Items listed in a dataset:
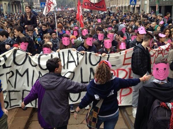 Στο Τορίνο, χιλιάδες διαδηλωτές με ένα «άρμα» που παρίστανε ένα δράκο-αναπαράσταση του παγκόσμιου κεφαλαίου με ένα πλακάτ στα σαγόνια του που έγραφε «δουλειά» ΕΞω από την εφορία της πόλης, η αστυνομία έριξε δακρυγόνα στους διαδηλωτές όταν επιχείρησαν να μπουν. (συνεχίζεται)
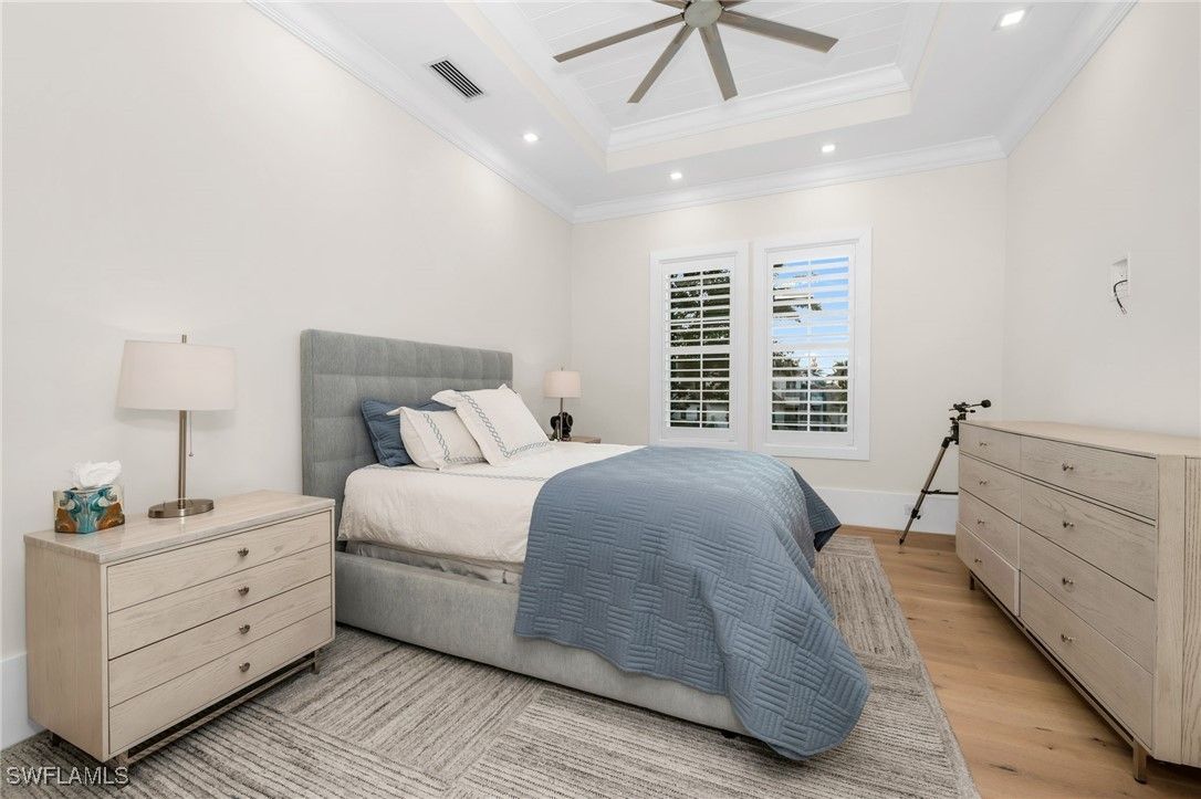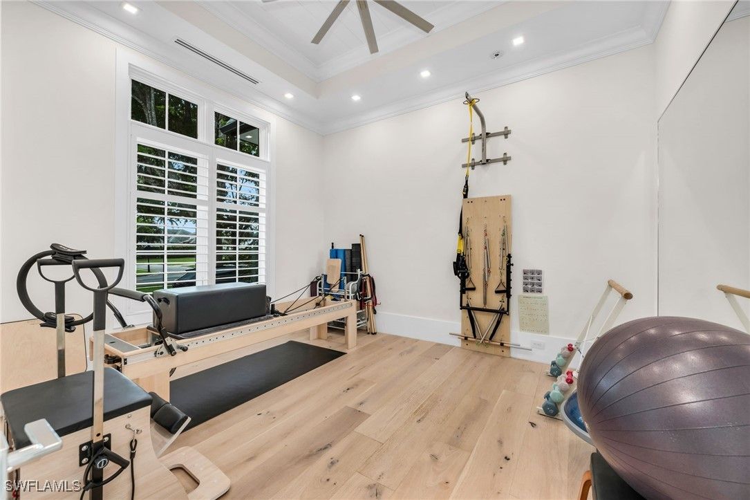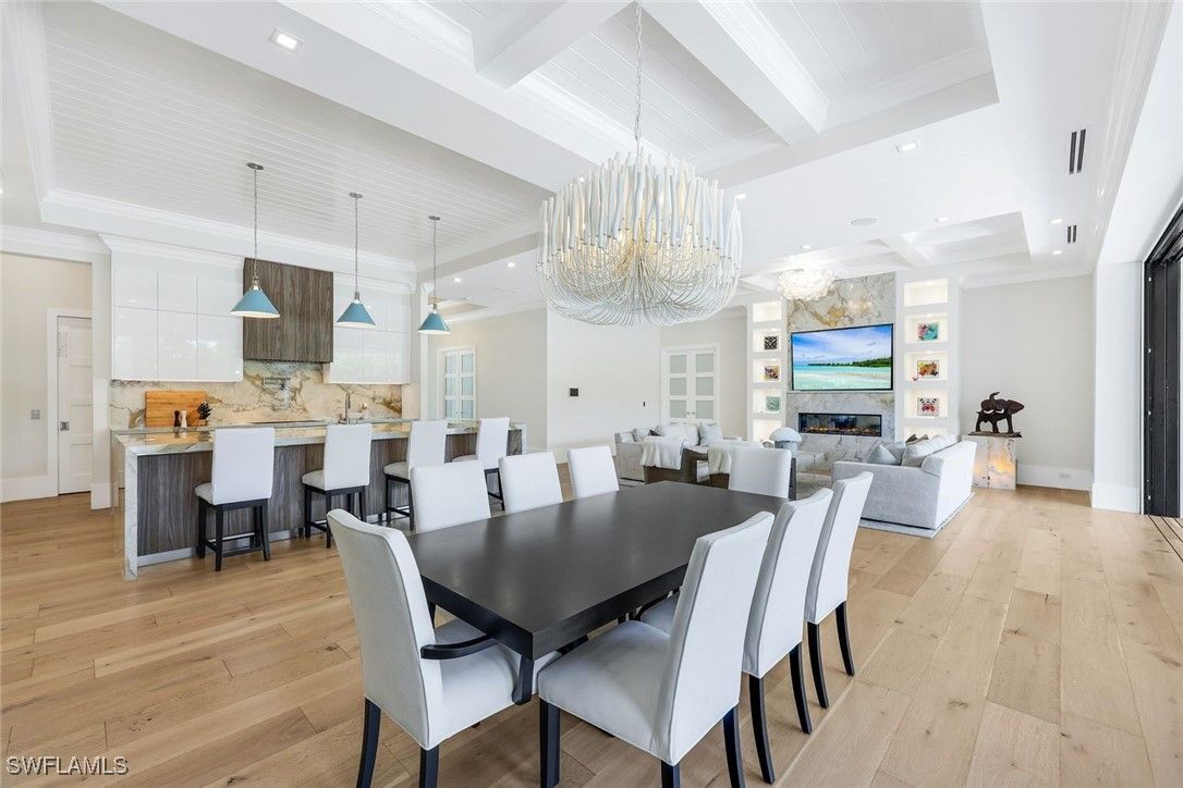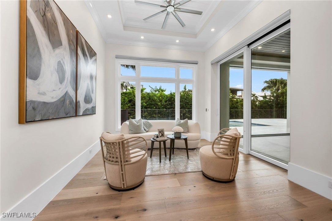 Stunning 2023 custom built home meticulously designed by Clive Daniel and Robb & Stucky interiors, furniture negotiable and features 5 bedroom/en suites, plus a Pilates/yoga studio. CHECK OUT THE VIDEO! This home is designed to be handicap friendly with an elevator that takes you from the garage level up to the main floor and second floor of the home, perfect for heavy lifting. The primary bedroom features his and her walk-in California Closets, a large walk in shower, a free standing tub, electric blackout hunter Douglas shades and 2 private Japanese smart toilet rooms. Entire home offers an array of technology throughout and is powered by Savant Automations’ new *brilliant smart home system* with video audio and sound controlled from every area of the house linked to your smart phone. As you walk through this well thought out floor plan, you will find an expansive family room with floor to ceiling Anderson pocket sliding glass doors that allows plenty of natural light with wide plank legno bastone flooring throughout. The family room will lead you into the oversized Chef's Kitchen with Sub-Zero Wolf and Asko Appliances with a full butler's pantry and 2 sub zero wine towers with 4 refrigeration drawers. The second floor offers 3 en-suites with private balconies along with a large bonus room that can be used as a home theatre set up or game room. Relax by your Resort Style salt water pool/spa surrounded by Brazilian trees while enjoying the Florida weather that also features a 900 sq foot lanai area with electric roll down screens and shutters, a fireplace, mounted 85” TV with 10 outdoor speakers perfect for entertaining. A built-in summer kitchen with outdoor subzero refrigeration and ice maker. This Moorings masterpiece has it all and touched by all. Within minutes to Historic Downtown Naples, white sugar Sand Gulf Beaches, and all that Naples has to offer! Just 1.5 miles to four seasons and waterside shops. Truly a rare find! 12 Foot Elevation.
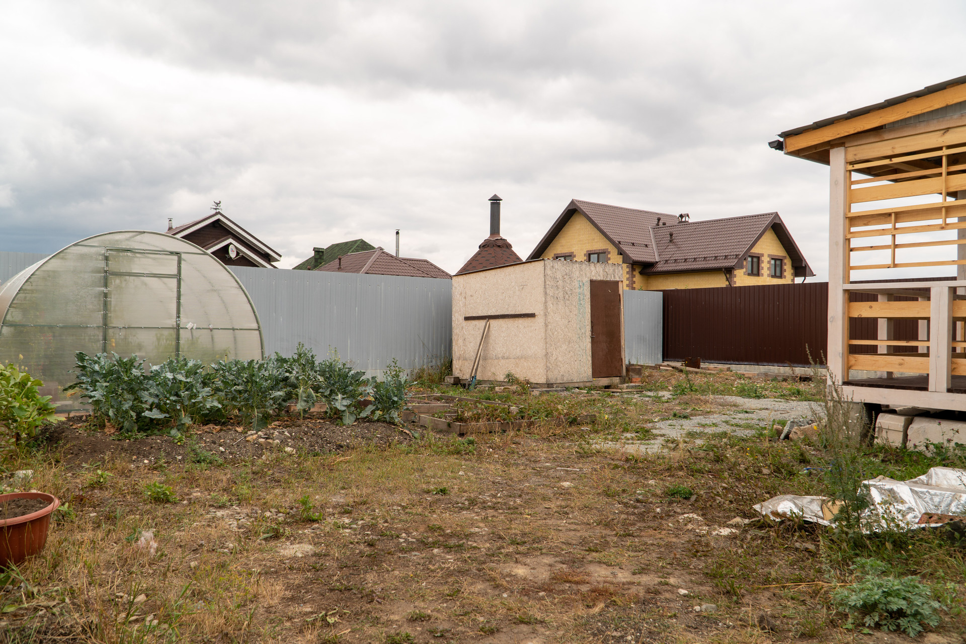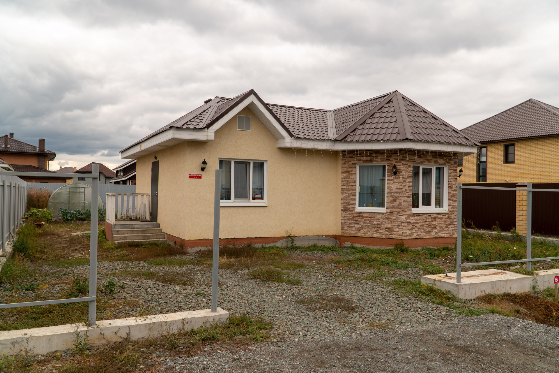 Одноэтажный дом площадью – 65 кв.м на земельном участке 5-ть соток (кат: земли населенных пунктов, ИЖС) Дом построен из полистеролбетонных блоков. Участок с трех сторон огорожен забором, с четвертой-лицевой стороны подготовлены фундамент и конструкция для забора и откатных ворот.
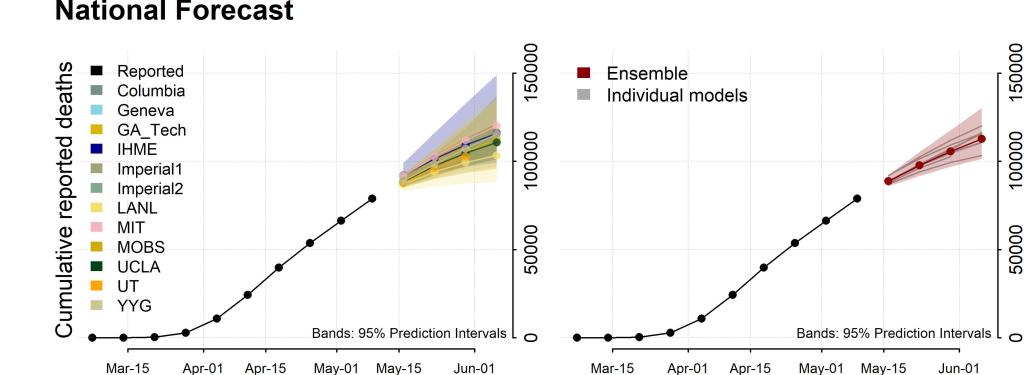 The National Ensemble Forecast analyzes data from 12 different models to created an ensemble forecast/CDC
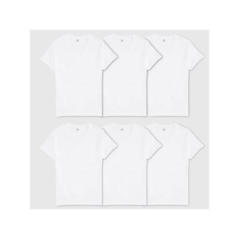 Hanes Men's White V-neck Tees are available in a convenient pack of 6. With super soft ComfortSoft fabric, these tees offer everyday, all day comfort from the brand you trust. FreshIQ advanced odor pr…
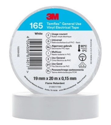 Изолента ПВХ белая, 20м, Temflex 165 3M
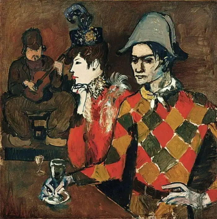 Пикассо в образе арлекина в 1905 году в более радостный период жизни: тогда он часто рисовал артистов
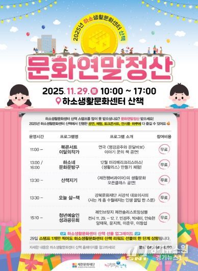 [경기뉴스원/경기뉴스1] | 제천문화재단(이사장 김상수)은 오는 29일 하소생활문화센터 산책에서 한 해 동안 시민과 함께 걸어온 다양한 프로그램을 한자리에서 만나는 '문화연말정산'을 운영한다고 밝혔다.
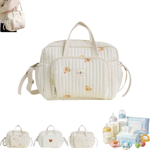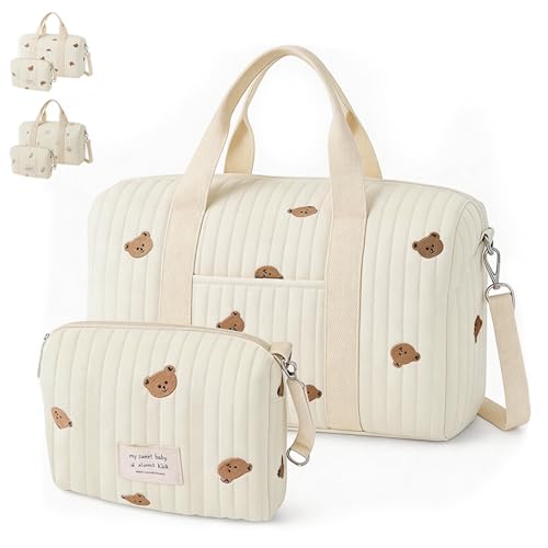 Miepkvl Large Baby Changing & Hospital Maternity Bag, Embroidery Changing Bag Tote, Large Diaper Bag Tote Bear & Flower Quilted Multifunctional Maternity Bags For Moms (A)
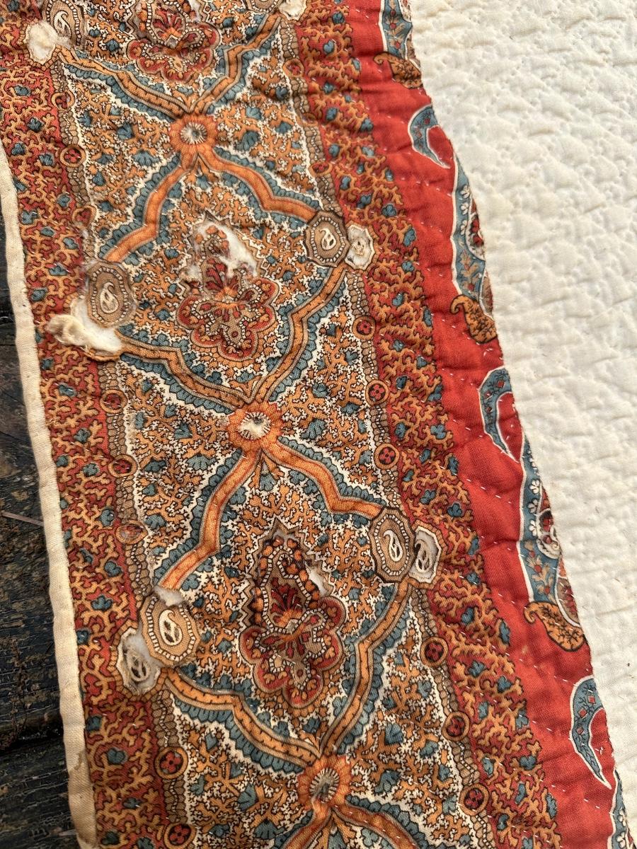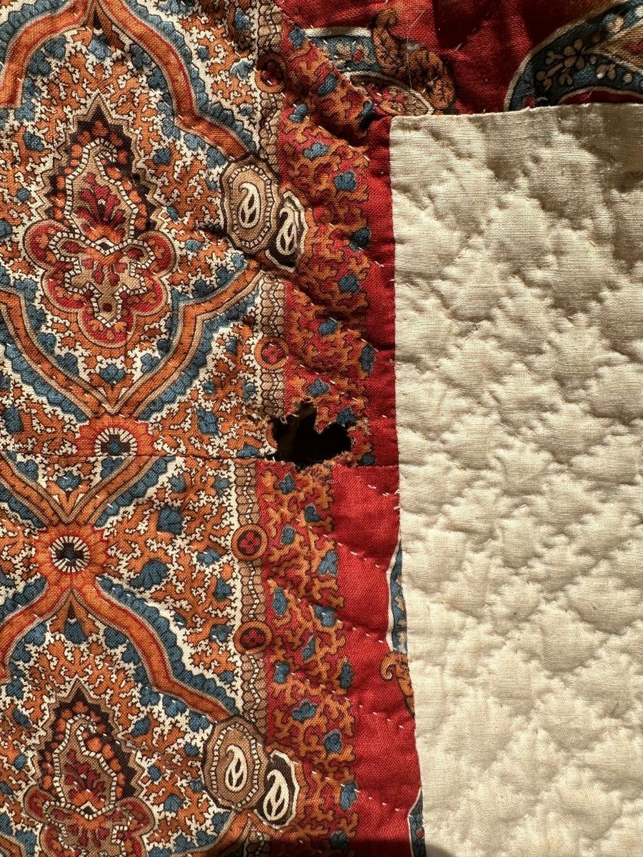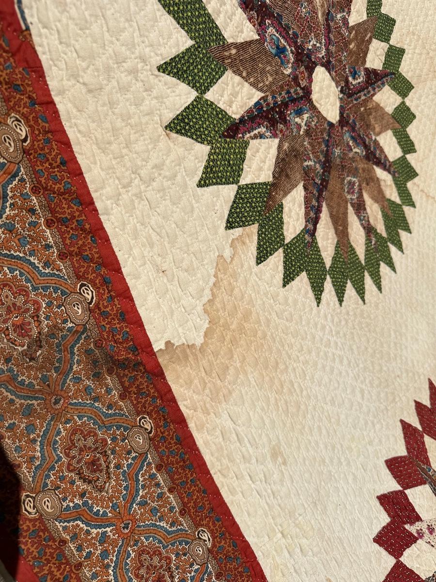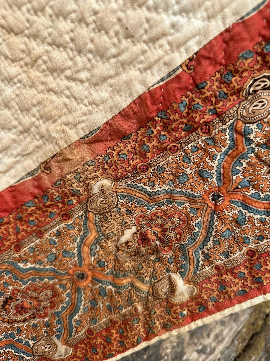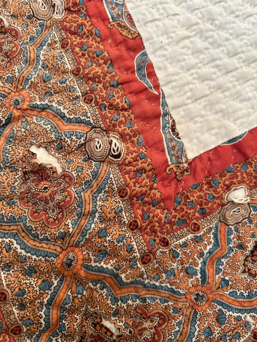 VINTAGE QUILT, TATTERED AND STAINED SIGNED TJ GETTYS 88X96
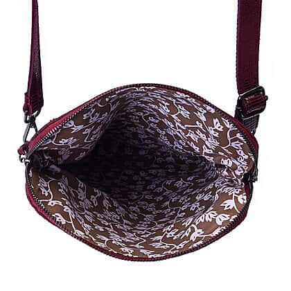 100% Genuine Leather Lizard Skin Pattern Crossbody Bag with Adjustable Strap - Wine Red
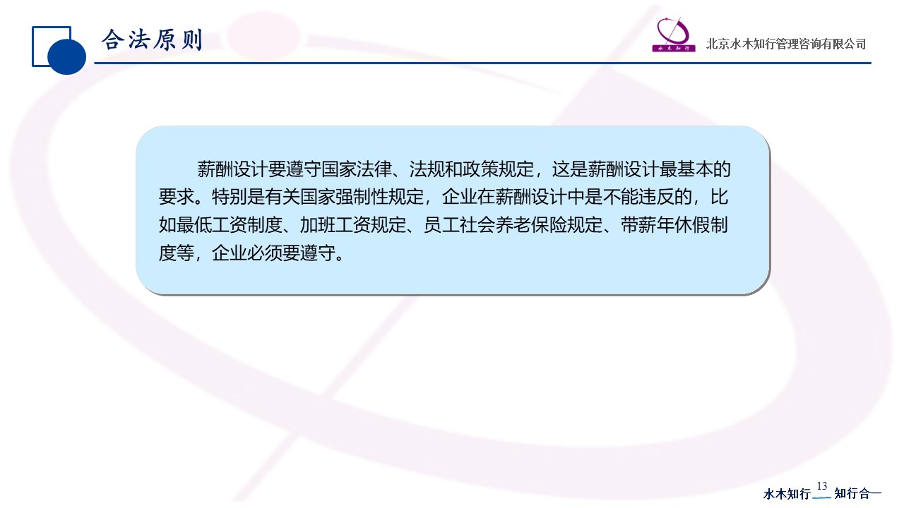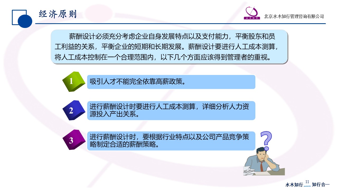 薪酬體系設計應堅持外部競爭、經(jīng)濟原則、合法原則
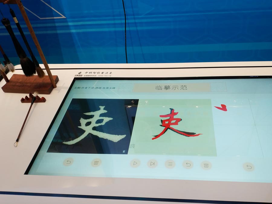 Traditional Chinese calligraphy going digital. On a digital tablet, visitors write Chinese characters using a brush. [Photo by Wang Xuquan/chinadaily.com.cn]
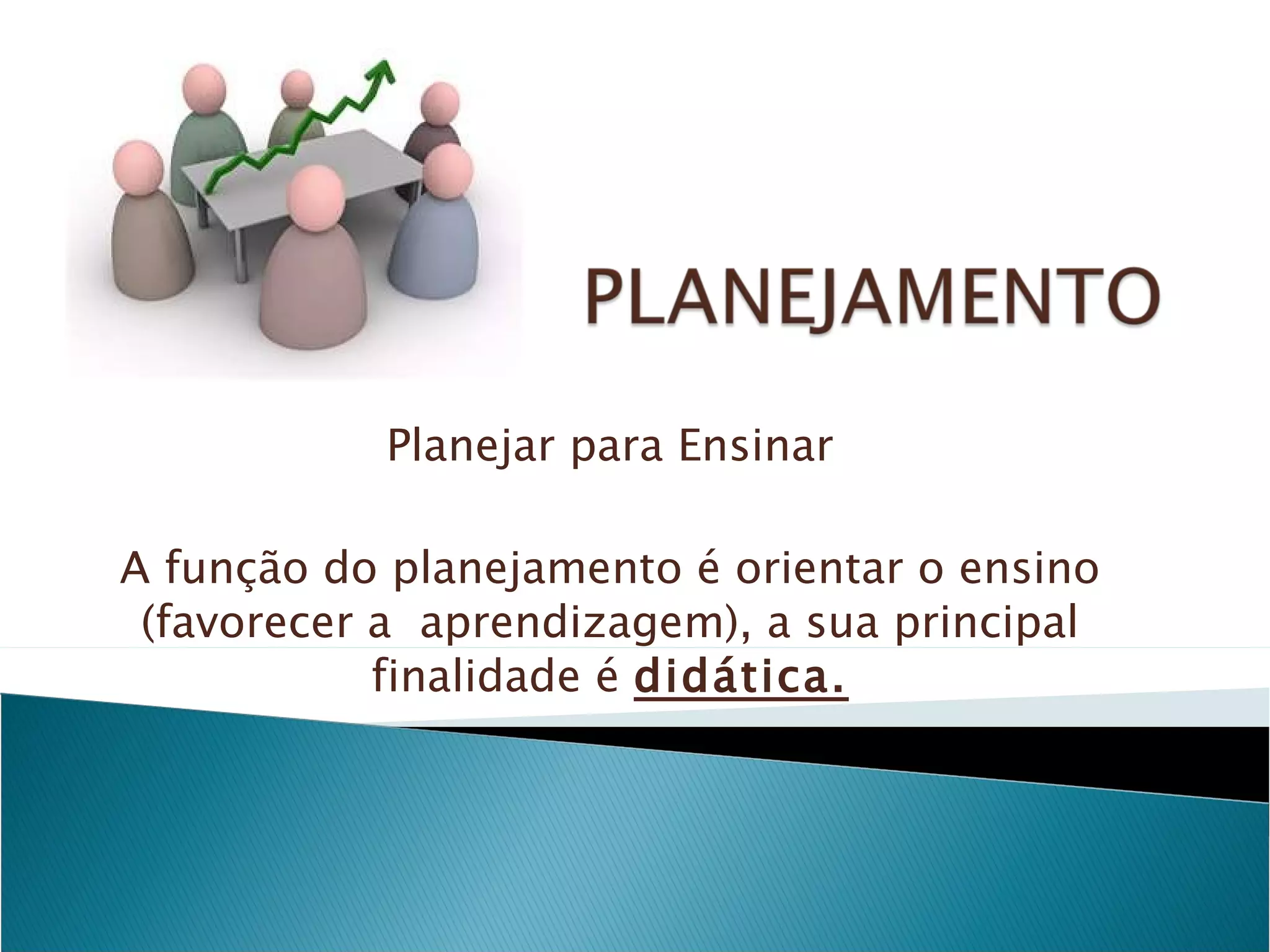 O documento discute a importância do planejamento no ensino, destacando que ele deve orientar a aprendizagem e definir metas claras. Também aborda características como a recorrência dos conteúdos, a diversidade de abordagens e a necessidade de reajuste com base na prática. Por fim, menciona a avaliação por meio de portfólios, que devem mostrar o desenvolvimento holístico do aluno.

> [What needs to be done]
Give back each line above verbatim, dropping every picture.

> [Your solution]
 Στο Τορίνο, χιλιάδες διαδηλωτές με ένα «άρμα» που παρίστανε ένα δράκο-αναπαράσταση του παγκόσμιου κεφαλαίου με ένα πλακάτ στα σαγόνια του που έγραφε «δουλειά» ΕΞω από την εφορία της πόλης, η αστυνομία έριξε δακρυγόνα στους διαδηλωτές όταν επιχείρησαν να μπουν. (συνεχίζεται)
 Stunning 2023 custom built home meticulously designed by Clive Daniel and Robb & Stucky interiors, furniture negotiable and features 5 bedroom/en suites, plus a Pilates/yoga studio. CHECK OUT THE VIDEO! This home is designed to be handicap friendly with an elevator that takes you from the garage level up to the main floor and second floor of the home, perfect for heavy lifting. The primary bedroom features his and her walk-in California Closets, a large walk in shower, a free standing tub, electric blackout hunter Douglas shades and 2 private Japanese smart toilet rooms. Entire home offers an array of technology throughout and is powered by Savant Automations’ new *brilliant smart home system* with video audio and sound controlled from every area of the house linked to your smart phone. As you walk through this well thought out floor plan, you will find an expansive family room with floor to ceiling Anderson pocket sliding glass doors that allows plenty of natural light with wide plank legno bastone flooring throughout. The family room will lead you into the oversized Chef's Kitchen with Sub-Zero Wolf and Asko Appliances with a full butler's pantry and 2 sub zero wine towers with 4 refrigeration drawers. The second floor offers 3 en-suites with private balconies along with a large bonus room that can be used as a home theatre set up or game room. Relax by your Resort Style salt water pool/spa surrounded by Brazilian trees while enjoying the Florida weather that also features a 900 sq foot lanai area with electric roll down screens and shutters, a fireplace, mounted 85” TV with 10 outdoor speakers perfect for entertaining. A built-in summer kitchen with outdoor subzero refrigeration and ice maker. This Moorings masterpiece has it all and touched by all. Within minutes to Historic Downtown Naples, white sugar Sand Gulf Beaches, and all that Naples has to offer! Just 1.5 miles to four seasons and waterside shops. Truly a rare find! 12 Foot Elevation.
 Одноэтажный дом площадью – 65 кв.м на земельном участке 5-ть соток (кат: земли населенных пунктов, ИЖС) Дом построен из полистеролбетонных блоков. Участок с трех сторон огорожен забором, с четвертой-лицевой стороны подготовлены фундамент и конструкция для забора и откатных ворот.
 The National Ensemble Forecast analyzes data from 12 different models to created an ensemble forecast/CDC
 Hanes Men's White V-neck Tees are available in a convenient pack of 6. With super soft ComfortSoft fabric, these tees offer everyday, all day comfort from the brand you trust. FreshIQ advanced odor pr…
 Изолента ПВХ белая, 20м, Temflex 165 3M
 Пикассо в образе арлекина в 1905 году в более радостный период жизни: тогда он часто рисовал артистов
 [경기뉴스원/경기뉴스1] | 제천문화재단(이사장 김상수)은 오는 29일 하소생활문화센터 산책에서 한 해 동안 시민과 함께 걸어온 다양한 프로그램을 한자리에서 만나는 '문화연말정산'을 운영한다고 밝혔다.
 Miepkvl Large Baby Changing & Hospital Maternity Bag, Embroidery Changing Bag Tote, Large Diaper Bag Tote Bear & Flower Quilted Multifunctional Maternity Bags For Moms (A)
 VINTAGE QUILT, TATTERED AND STAINED SIGNED TJ GETTYS 88X96
 100% Genuine Leather Lizard Skin Pattern Crossbody Bag with Adjustable Strap - Wine Red
 薪酬體系設計應堅持外部競爭、經(jīng)濟原則、合法原則
 Traditional Chinese calligraphy going digital. On a digital tablet, visitors write Chinese characters using a brush. [Photo by Wang Xuquan/chinadaily.com.cn]
 O documento discute a importância do planejamento no ensino, destacando que ele deve orientar a aprendizagem e definir metas claras. Também aborda características como a recorrência dos conteúdos, a diversidade de abordagens e a necessidade de reajuste com base na prática. Por fim, menciona a avaliação por meio de portfólios, que devem mostrar o desenvolvimento holístico do aluno.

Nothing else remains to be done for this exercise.